In your copy, drop the images and return each record exactly as it stands.

+++

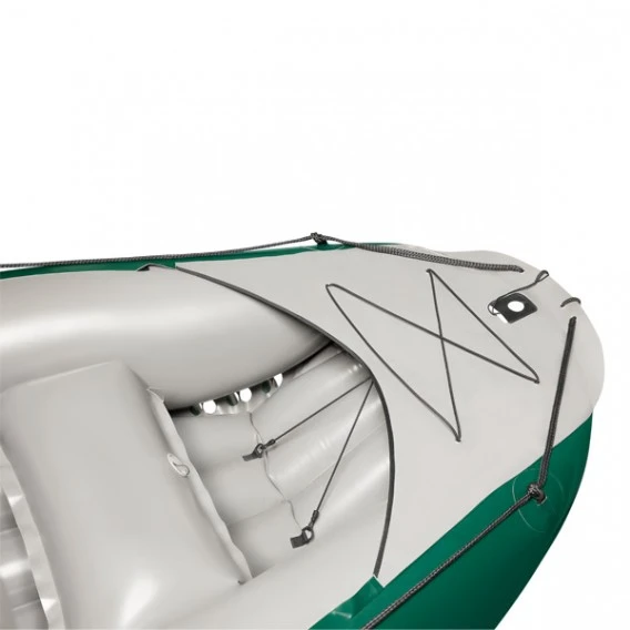 Das Ontario 450 S ist eine längere Version des bewährten Ontario 420. Ausgestattet ist es, zusätzlich zum Ontario 420, mit einem Selbstlezendem Boden und bietet mehr Platz für Gepäck. Das Boot eignet sich gut für Flusswanderungen mit der ganzen Familie kann aber auch als Wildwasserboot bis zur Stufe 3 genutzt werden. Sie werden überrascht sein, wie schnell und wendig sich das Ontario 450 S auf ruhigem Wasser paddeln lässt. Es ist zudem das schnellste Boot aus der Gumotex Produktion für eine so große Personenanzahl. Durch den Selbstlenzenden Boden fließt das Wasser, welches ins Boot gelangt, durch die Öffnungen im Heck wieder nach draußen.
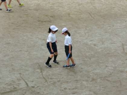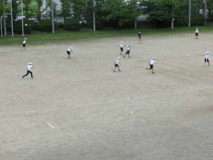 バトンパスの練習です。前の走者がどの位置まで来たら、次の走者がスタートするのか。そのベストな位置を探しています。
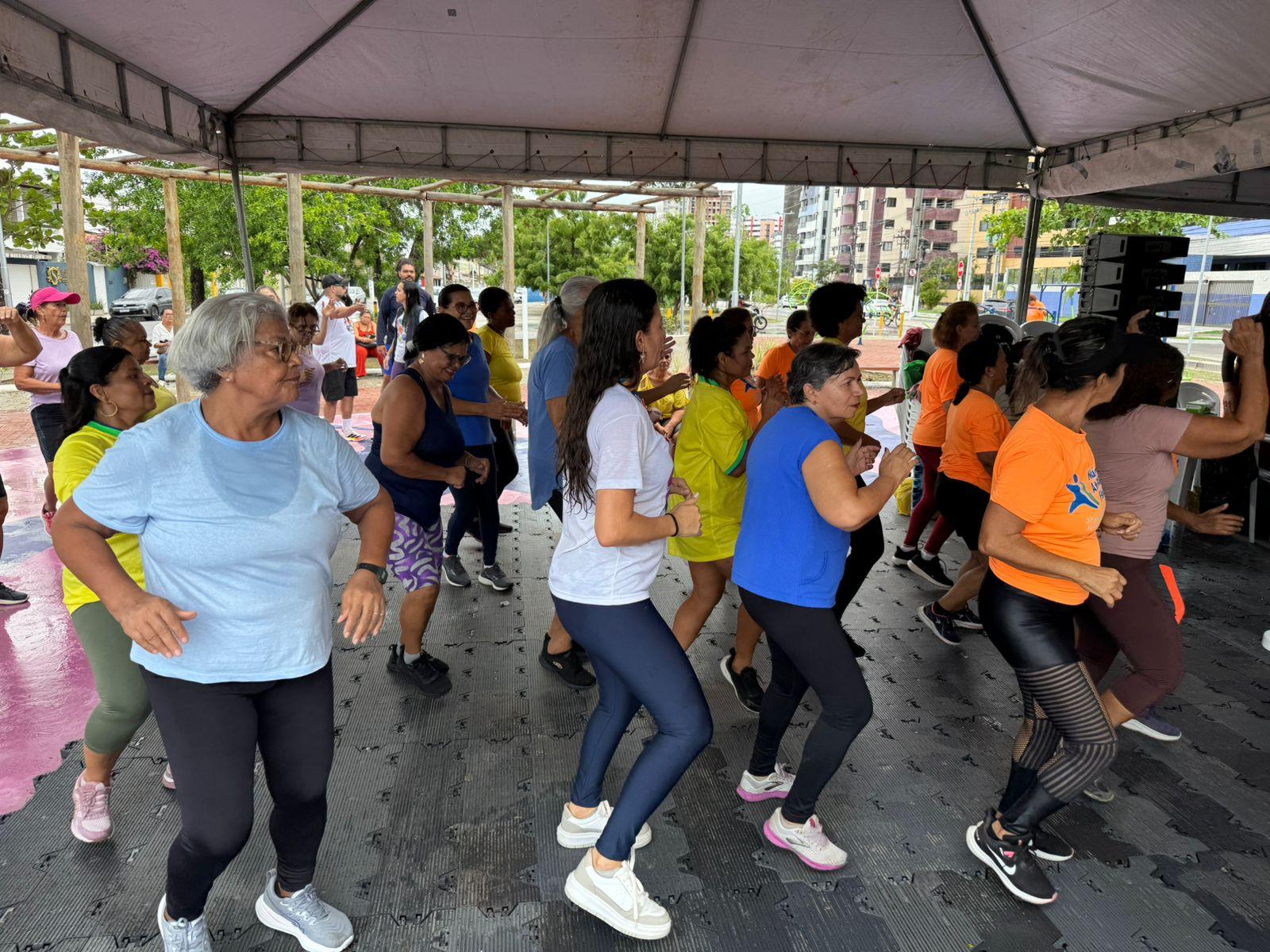 Reinaldo Alves também destacou a importância do apoio da Semuc para ampliar o alcance das ações, especialmente junto ao público idoso. “Temos uma parceria junto com a SEMUC, que é através do projeto AtivaMente, que envolve essa promoção das práticas corporais, potencializando principalmente o público idoso. Contribuímos com nosso corpo técnico, com profissionais de educação física, para poder enriquecer, trazer a mensagem da importância de se manter ativo”, relatou.
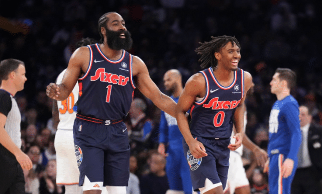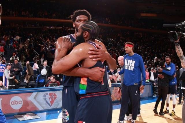 76人客场125-109击败尼克斯。哈登迎来76人生涯第二战,贡献29分10篮板16助攻,恩比德轰下37分9篮板4盖帽,马克西21分7篮板。继上一场比赛合砍89分后,本场三人又合砍87分,费城的“马大哈”组合两场比赛狂轰176分,火力实在太猛了!赛后,哈登和恩比德拥抱庆祝胜利!
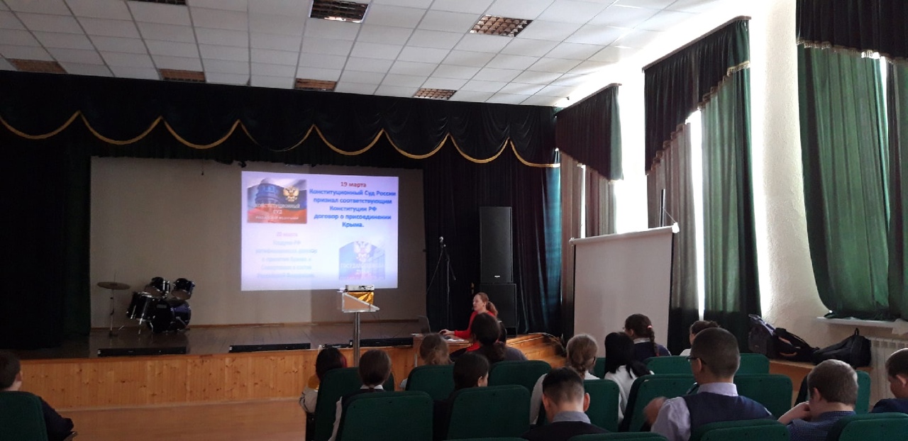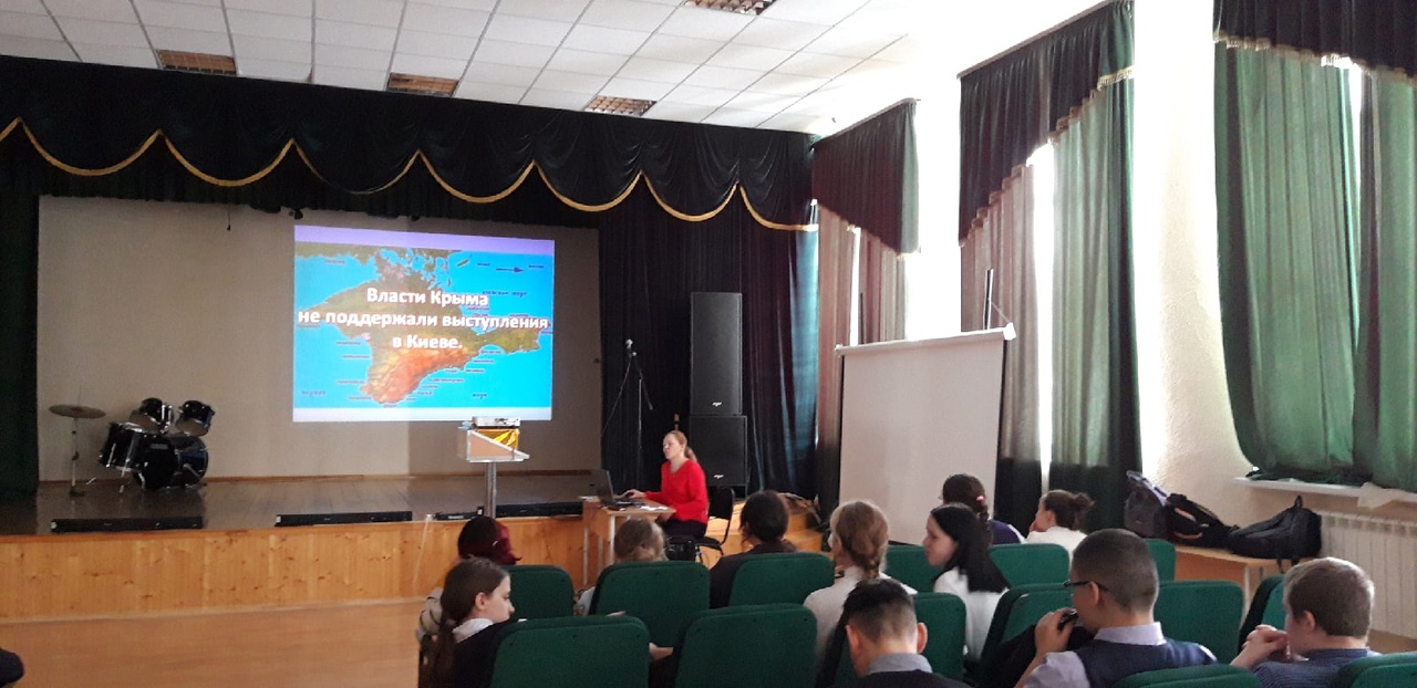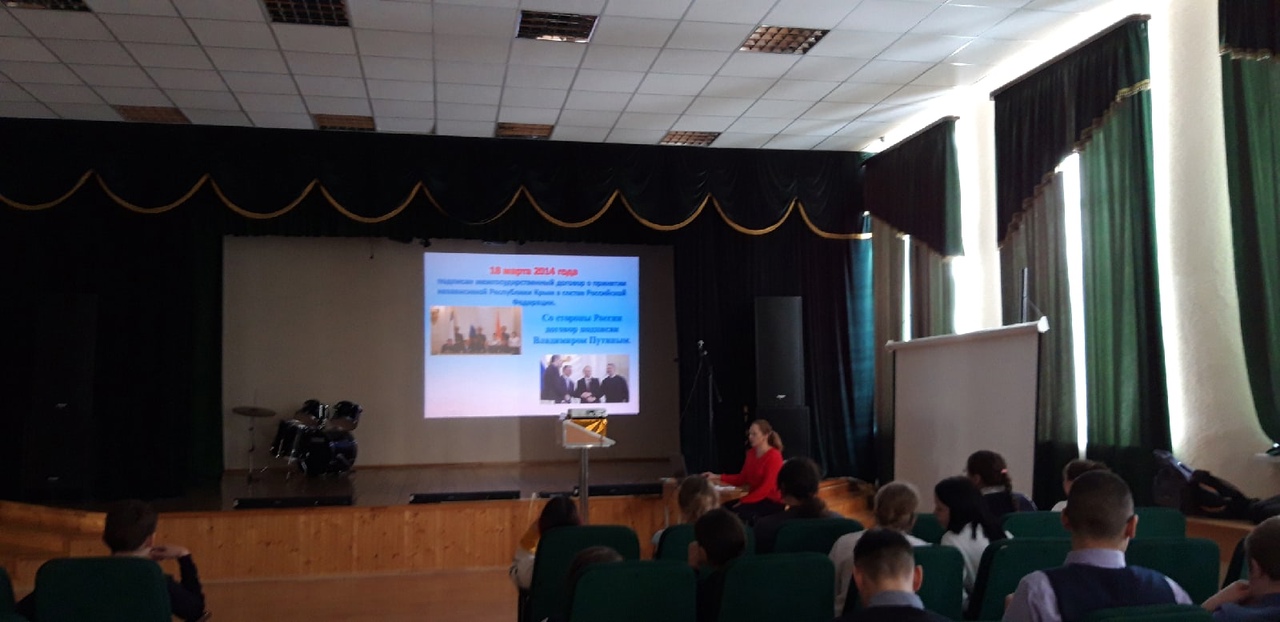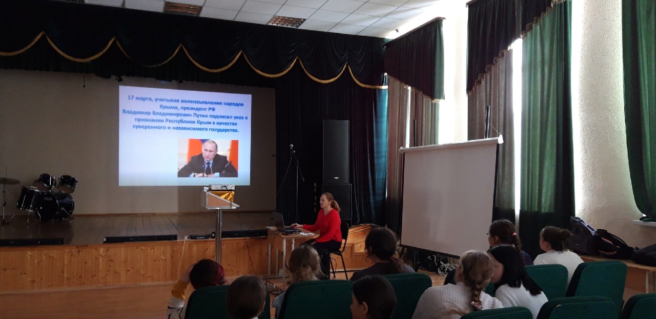 С целью гражданско-патриотического воспитания и в связи с исторической датой присоединения Крыма к России сегодня для учеников 6а класса был проведен классный час «Крымская весна». Классный руководитель Крестьянинова Н.А. рассказала ребятам об истории Крыма, о событиях, приведших к всенародному референдуму и о создании Крымской Республики. Учащиеся получили сведения о географическом положении полуострова, о его историческом и культурном прошлом, смогли "побывать" в Крыму, благодаря виртуальной экскурсии. Посмотрели основные достопримечательности.
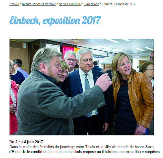 Die Partnerstadt von Einbeck (Künstler des Kunsthauses Collage sind auch Mitglieder des Kunsthauses Einbeck) Thiais lädt die Künstler nach der gelungenen Ausstellung 2015 auch 2017 wieder ein, ihre aktuellen Werke zu zeigen und Niedersachsen künstlerisch zu vertreten.
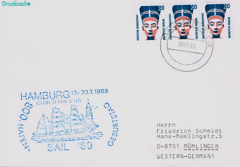 Die Sendungsart "Drucksache zu ermäßigter Gebühr" gab es nur im Auslandsverkehr, wobei eine solche Sendung von 51 bis 100 g 1991 80 Pf Porto kostete!
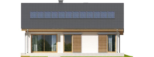 Graficzne opracowanie rzutów poglądowych widocznych na karcie projektu zostało wykonane przez Extradom.pl. Prezentowane przez Extradom.pl wizualizacje wykonane zostały przez autora projektu i należy poczytywać je jedynie za przykład i propozycję wykończenia, wizję architektoniczną autora projektu. Ostateczne wykończenie budynku może nastąpić na wiele sposobów. Szczegółowe rozwiązania zastosowane w oferowanej dokumentacji - w tym również ilość, lokalizacje i wygląd okien, drzwi, kominów - mogą w niewielkim stopniu różnić się od prezentowanej wizualizacji budynku.

+++

**Your solution**.
 Das Ontario 450 S ist eine längere Version des bewährten Ontario 420. Ausgestattet ist es, zusätzlich zum Ontario 420, mit einem Selbstlezendem Boden und bietet mehr Platz für Gepäck. Das Boot eignet sich gut für Flusswanderungen mit der ganzen Familie kann aber auch als Wildwasserboot bis zur Stufe 3 genutzt werden. Sie werden überrascht sein, wie schnell und wendig sich das Ontario 450 S auf ruhigem Wasser paddeln lässt. Es ist zudem das schnellste Boot aus der Gumotex Produktion für eine so große Personenanzahl. Durch den Selbstlenzenden Boden fließt das Wasser, welches ins Boot gelangt, durch die Öffnungen im Heck wieder nach draußen.
 バトンパスの練習です。前の走者がどの位置まで来たら、次の走者がスタートするのか。そのベストな位置を探しています。
 Reinaldo Alves também destacou a importância do apoio da Semuc para ampliar o alcance das ações, especialmente junto ao público idoso. “Temos uma parceria junto com a SEMUC, que é através do projeto AtivaMente, que envolve essa promoção das práticas corporais, potencializando principalmente o público idoso. Contribuímos com nosso corpo técnico, com profissionais de educação física, para poder enriquecer, trazer a mensagem da importância de se manter ativo”, relatou.
 76人客场125-109击败尼克斯。哈登迎来76人生涯第二战,贡献29分10篮板16助攻,恩比德轰下37分9篮板4盖帽,马克西21分7篮板。继上一场比赛合砍89分后,本场三人又合砍87分,费城的“马大哈”组合两场比赛狂轰176分,火力实在太猛了!赛后,哈登和恩比德拥抱庆祝胜利!
 С целью гражданско-патриотического воспитания и в связи с исторической датой присоединения Крыма к России сегодня для учеников 6а класса был проведен классный час «Крымская весна». Классный руководитель Крестьянинова Н.А. рассказала ребятам об истории Крыма, о событиях, приведших к всенародному референдуму и о создании Крымской Республики. Учащиеся получили сведения о географическом положении полуострова, о его историческом и культурном прошлом, смогли "побывать" в Крыму, благодаря виртуальной экскурсии. Посмотрели основные достопримечательности.
 Die Partnerstadt von Einbeck (Künstler des Kunsthauses Collage sind auch Mitglieder des Kunsthauses Einbeck) Thiais lädt die Künstler nach der gelungenen Ausstellung 2015 auch 2017 wieder ein, ihre aktuellen Werke zu zeigen und Niedersachsen künstlerisch zu vertreten.
 Die Sendungsart "Drucksache zu ermäßigter Gebühr" gab es nur im Auslandsverkehr, wobei eine solche Sendung von 51 bis 100 g 1991 80 Pf Porto kostete!
 Graficzne opracowanie rzutów poglądowych widocznych na karcie projektu zostało wykonane przez Extradom.pl. Prezentowane przez Extradom.pl wizualizacje wykonane zostały przez autora projektu i należy poczytywać je jedynie za przykład i propozycję wykończenia, wizję architektoniczną autora projektu. Ostateczne wykończenie budynku może nastąpić na wiele sposobów. Szczegółowe rozwiązania zastosowane w oferowanej dokumentacji - w tym również ilość, lokalizacje i wygląd okien, drzwi, kominów - mogą w niewielkim stopniu różnić się od prezentowanej wizualizacji budynku.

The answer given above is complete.